Your rule order is incorrect. It will 'expose' your .html filepaths as URLs if an extensionless page is requested using the non-canonical domain -- try it and look at your address bar...

"Looks pretty" is not really a good reason to waste a byte in a URL. I think example.com/page is prettier that example.com/page/ myself, especially since /page is NOT a directory. Opinions vary, but the shorter your URLs, the better.

File- and Directory-exists checks are horribly expensive in terms of server resources, and may actually invoke two additional disk reads per HTTP request unless you take steps to avoid these checks when they are not absolutely necessary. In your add-slash rule, you could have put the RewriteCond first to avoid at least some of these unnecessary disk checks.

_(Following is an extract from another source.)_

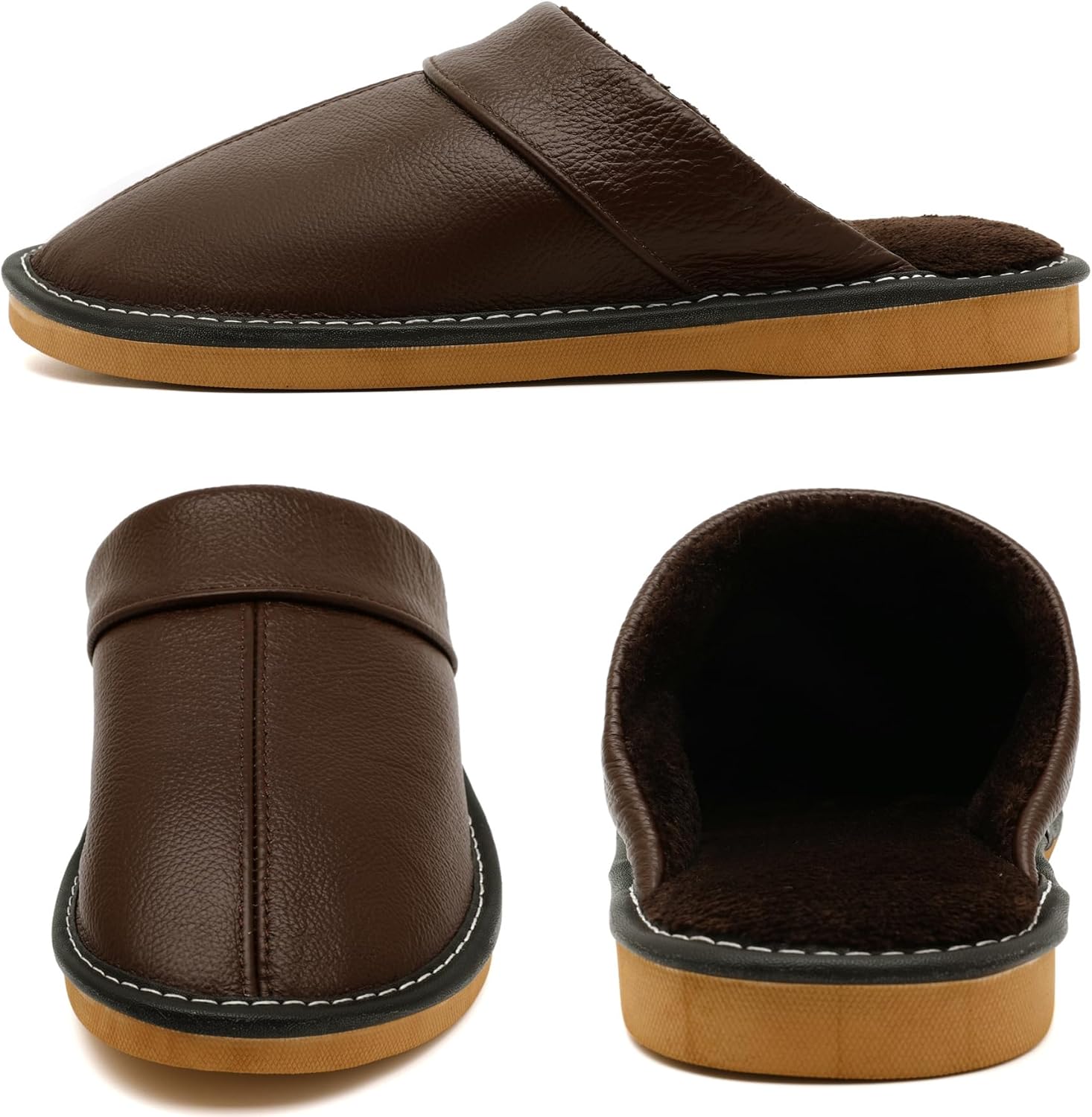 • 【Premium Material】The upper of these leather slippers is covered by soft and breathable genuine cattle hides.

In addition, a file on the server must have a file extension unless it is a directory, so the -f test is not needed.

The -d test isn't needed because REQUEST_FILENAME will add a slash before testing if it's not there anyway.

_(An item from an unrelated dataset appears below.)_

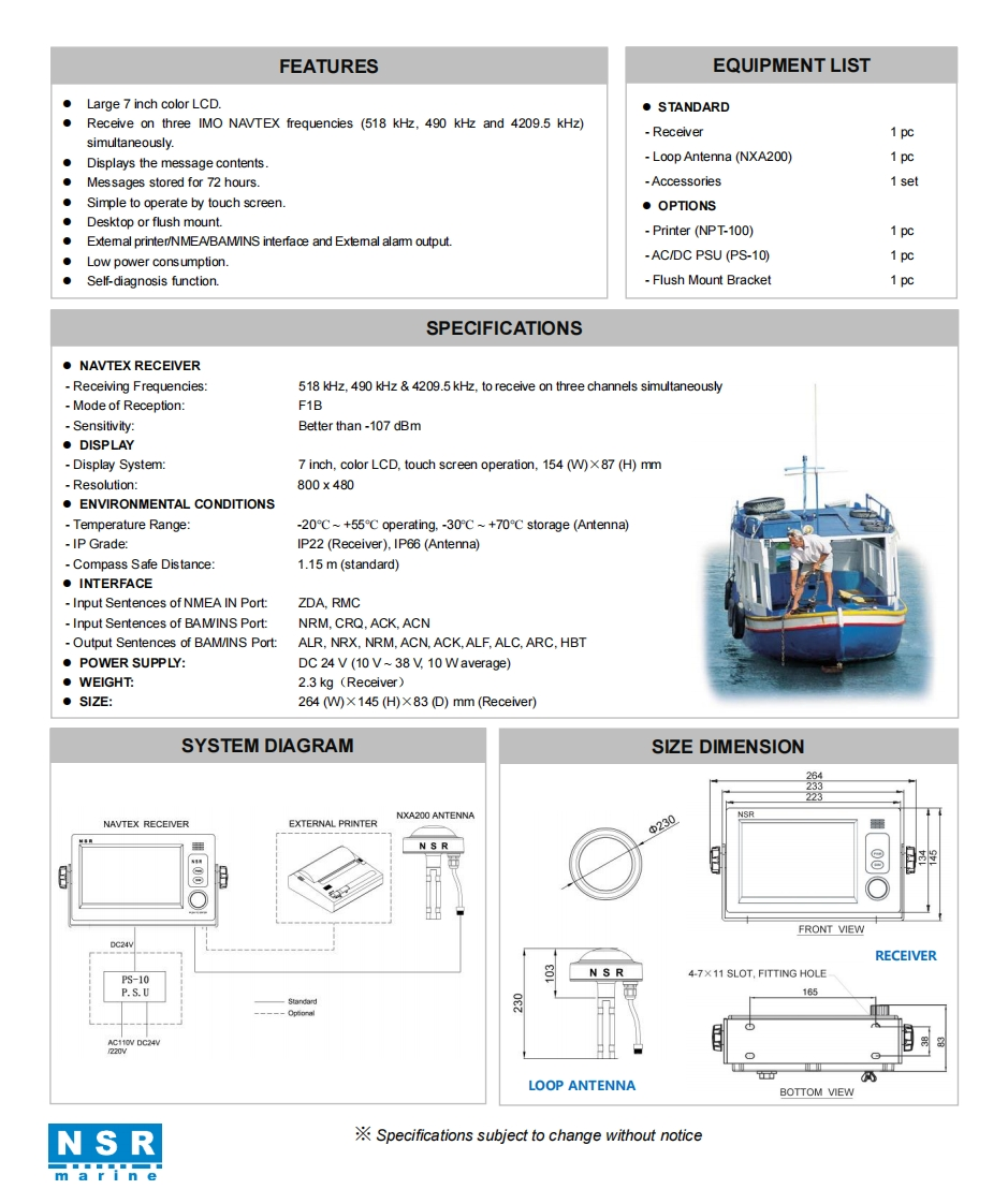 NAVTEX RECEIVERNVX-1000/NVX-3000NSR's new generation of NAVTEX Receiver:SDR(Software Defined Radio)technology,super sensitivityLarge 7 inch color LCD,touch screen operationMeet the latest rules:IMO MSC.430(98),IMO MSC.302(87),IEC 62923-1,IEC 62923-2Real three-channel receivingData interface to BAM system/INSType approval with DNV(MED),CCS and VRNVX-1000DNV,CCS,VRNVX-3000DNVNSR518KIDDATE TIME SIZE STATE0H0802/0302149287☒MENU000702/0302:49287@0F0602/0302:49287回0E0502/0302:49287☒TAGPWRG00402/0302:48287☒回PRINTDIM080302/0302:48287回080202/0302148287四TO INS0A0102/0302:48287@T1ESYs2018-02-0302:55:37UT0NAVTEX RECEIVERPUSH TO ENTERVIEW MESSAGE15184904209STATION SETTINGSTORAGEFREQ.=518kHzPAGEZJ0249 EAST CHINA SEA M/T JIU HUA SHAN518K&01/01PASS THEABACKFREQ518DREDGED DEEP-CHANNEL OUTSIDE XIAZHIMENN0490KIDFAIRHAY V1A29-41.26N/122-31.31E29-41PREV.PRINTQA0155N/122-30.21E29-43.88N/122-21.39E294209KTI ME -UTC44.28N/122-19.86E02-03NEXT02:48AN0D29-45.30N/122-18.50EFR0M280545UTCALLSIZETO 280645UTC APR ENTRANCE PROHIBITED287ZHEJIANGPRINTINSUNALLCER00%MSA CHINASTATETO INSBACKNNNNCONTENTONNAVIGATIONAL WARNING9GMDSSTOUCH SCREENDNVCOLORFPGABAM⊙DISPLAY

The requested URL-path must also be at least one character long if you're going to add a slash to it, so the test for an existing slash can be moved out of the RewriteCond and back into the RewriteRule pattern.


Then use [NC] on the RewriteCond, so you do not have to test both [a-z] and [A-Z] -- That's more than a third faster...

You cannot rewrite /a to /a.html and then expect to redirect /a.html back to /a -- Of course that creates an infinite rewrite/redirect loop.

The way out of the sack is to only redirect a.html if it is directly requested by the client, and not as a result of a previously-invoked rewrite.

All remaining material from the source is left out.